MATERIAL PROVIDED:
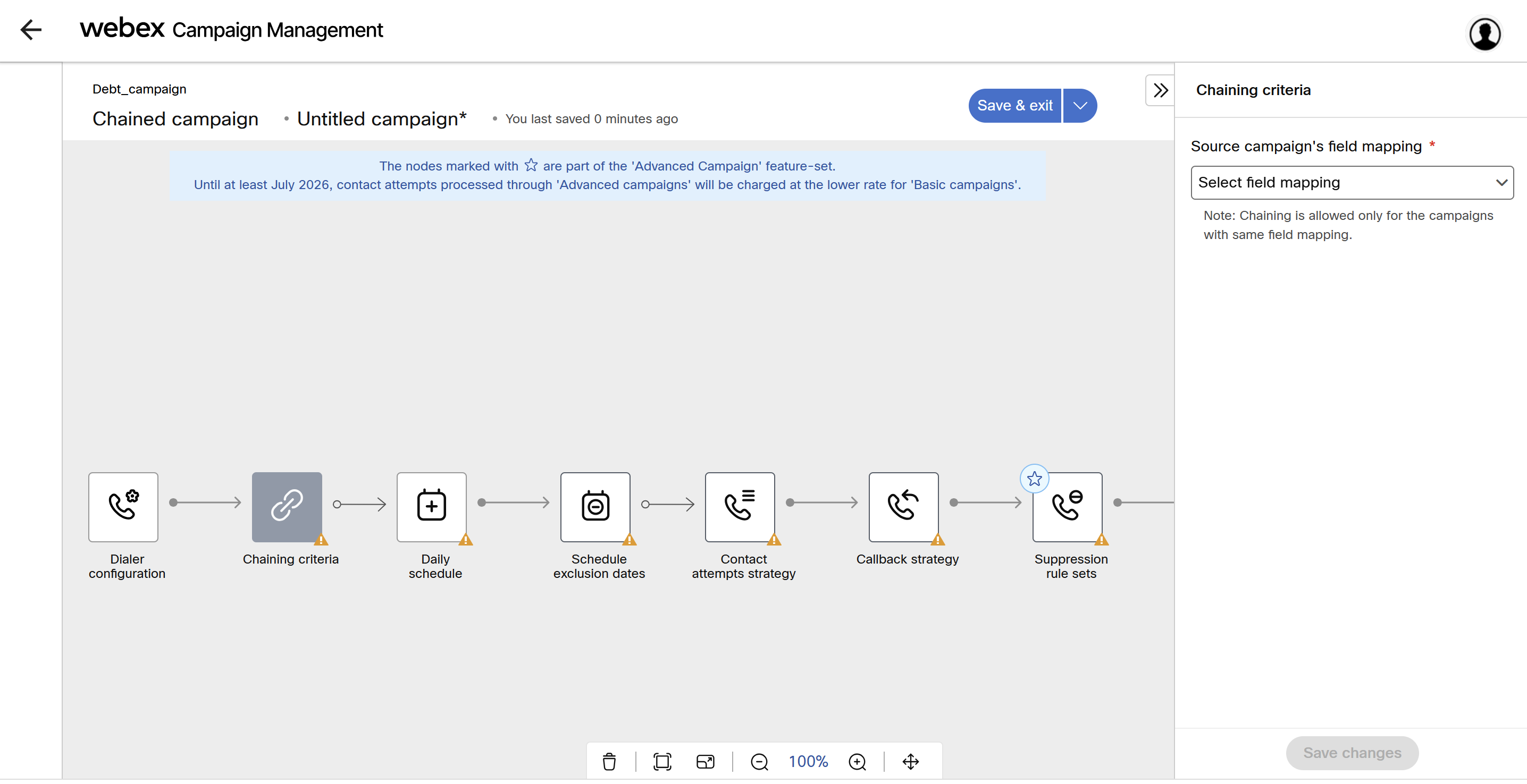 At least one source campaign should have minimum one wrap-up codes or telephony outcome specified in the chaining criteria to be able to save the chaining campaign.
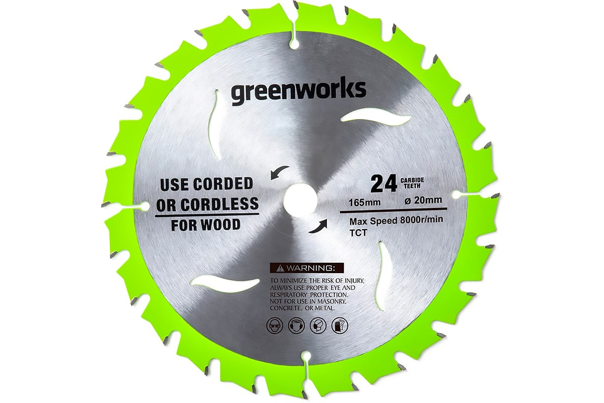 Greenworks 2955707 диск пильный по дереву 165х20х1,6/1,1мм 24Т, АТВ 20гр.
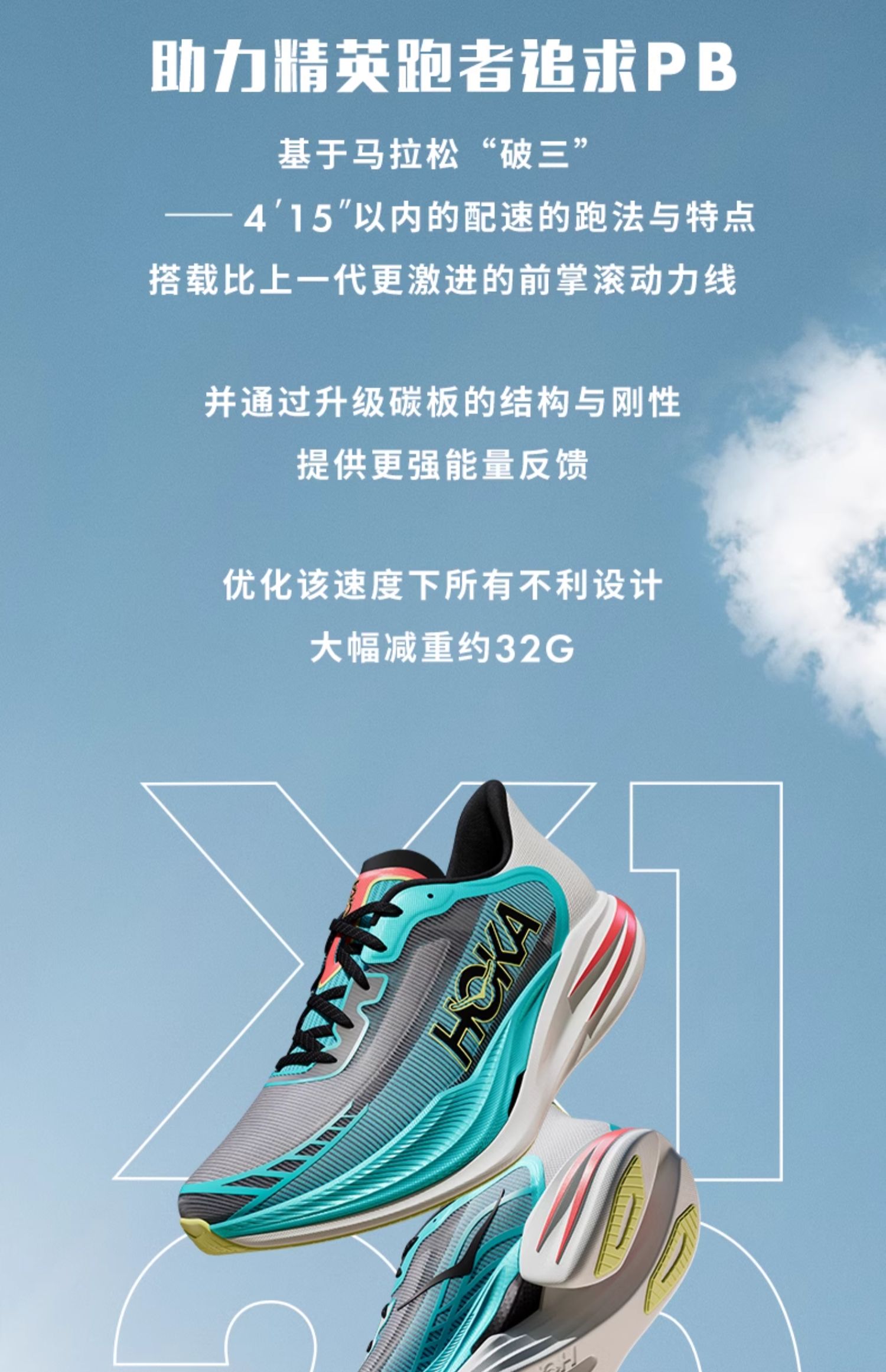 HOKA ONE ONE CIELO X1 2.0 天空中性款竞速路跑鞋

WHAT IS NEEDED: The listing above is to be retyped exactly, with all pictures left out.

ANSWER TO THIS EXERCISE:
 At least one source campaign should have minimum one wrap-up codes or telephony outcome specified in the chaining criteria to be able to save the chaining campaign.
 Greenworks 2955707 диск пильный по дереву 165х20х1,6/1,1мм 24Т, АТВ 20гр.
 HOKA ONE ONE CIELO X1 2.0 天空中性款竞速路跑鞋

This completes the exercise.